This is the promised (but very rough) summary of two articles by American doctors on what to do to maintain yourself as you start to show signs of ageing. Always refer to GP or SN first … this below is for interest.
1. Chronic dehydration … body’s natural reduction of thirst as we get older … accelerated brain function decline, thickening of blood, greater risk of strokes, destruction of joint lubrication and kidney problems … but a reader said not to overdo it.
2. Consumption of processed food starts to steal energy from already tired organs. Keep it as raw and natural as possible. SN helps here.
3. Loneliness causes inflammatory processes inside the body … maintain social contacts and have projects. Online can help much with this.
4. Gym. Until maybe 70, stress training helped … push weights, intense training … muscles grow … slowly ceases after 70 or so and starts to be counterproductive. Reduce to moderate weight and higher reps, work in walking or biking.

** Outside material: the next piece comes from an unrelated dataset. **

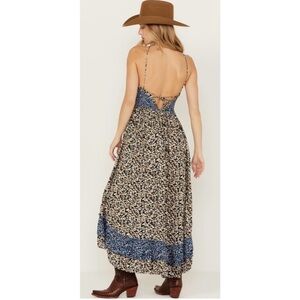 Free People One I Love Maxi Dress Denim Blue Floral Ruffle Smock Prairie Boho

5. Restrictive eating habits not good later (official guidelines). Age related malnutrition … body not processing nutrients as well. When protein reduces, muscle decline starts … which for oldies is a killer. Legs, arms, hips, bones, internal organs, processes decline. In turn, susceptibility to strokes etc. Fats are essential, not processed carbs.
6. Changes in sleep are natural later … melatonin declines, deep sleep shortens. You wake up during the night, earlier in the morning or later. Don’t force yourself to get up and rush off … so much to do, oh goodness, must get to work quickly. Do not stress over sleep not fitting guidelines. Whatever your bod needs, it needs. Relax over it. Never mind other people’s expectations. Let go of “all sleep must happen in one block”.

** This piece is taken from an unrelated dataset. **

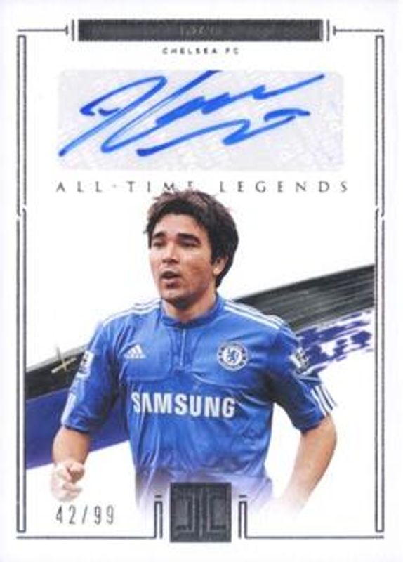 The Deco 2020 Impeccable Premier League #AT-D All Time Legends /99 card is 1 of 20 Deco's card variations in the 2020 Impeccable Premier League set being tracked by Sports Card Investor, including Impeccable Stars /99, Impeccable Stars - Silver /49, All Time Legends - Ruby /35, Impeccable Stars - Ruby /35, and All Time Legends - Silver /25.

7. Meds. Going to leave this topic … your GP and SN involved there. Do ask about side effects.
8. Non-essential relationships. We tend to be gregarious, like to support friends, coworkers, acquaintances etc. … it’s a two way street … some must be kept, some derive so much, but some must slide, become more occasional. This SN chat … well we keep coming back, don’t we, it obviously has something in it for us.
9. Pretending we’re still as young as we were. Any issues putting on socks? How about getting out of a chair without using your arms (quads and glutes, hamstrings and calves). Work your legs moderately each day … walks, riding, whatever. In your legs is your independence. Knees, hips. Gently, gently.
10. After 70, the most dangerous accident is a fall. My bath has handrails, corridors are about four feet wide … sudden movement and I start to fall but every room has something at least to break a fall. I use bouncing off things as a strategy, not a fall.
11. Meaningful solitude … don’t let people rush you. Reserve time for yourself to regroup, reflect, plan.
12. Overall safety … with all the attacks outside, esp. on girls and older people … esp. in urban areas …they always choose the vulnerable … plan your routes, your time of day, your company. I go by cab now, never public transport. Etc. Etc.